He was the son of Matthew Fetherstonhaugh of Featherstone Castle, Northumberland. In 1746, he inherited the estates of a kinsman Sir Henry Fetherston but not Sir Henry's baronetcy which became extinct on his death. However, on 3 January 1747, Fetherstonhaugh was created a baronet of Featherstonehaugh in the County of Northumberland, in the Baronetage of Great Britain.

On his marriage to Sarah Lethieullier, sister of Benjamin Lethieullier, in December 1746, he bought Uppark, Sussex and the manors of East And West Harting and in 1747 sold the family estate at Featherstone to James Wallace. Between 1748 and 1753 he undertook the Grand Tour with his brother-in-law Benjamin Lethieullier and his step brother-in-law Lascelles Iremonger.
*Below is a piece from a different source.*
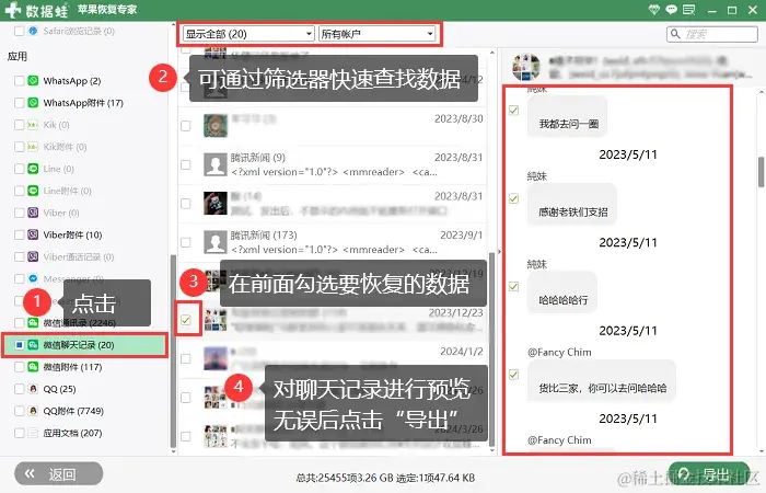 步骤3:在扫描结果界面左侧点击**【微信聊天记录】,通过【筛选器】快速查找需要恢复的聊天记录。在界面右侧对数据进行预览,无误后勾选要恢复的聊天记录,点击【导出】**按钮即可。

They brought back to Uppark an impressive collection of Italian art.

In February 1752, Fetherstonhaugh was elected Fellow of the Royal Society, as 'A gentleman of literature and improvement, and versed in natural knowledge'. He was proposed by Willoughby de Parham, James Burrow, Peter Davall, Israel Mauduit and James Theobald.

He served as a Member of Parliament (MP) for Morpeth from 1755 to 1761 and for Portsmouth from 1762 to 1774. In the 1750s he commissioned architect James Paine to design and build Dover House, Whitehall, London.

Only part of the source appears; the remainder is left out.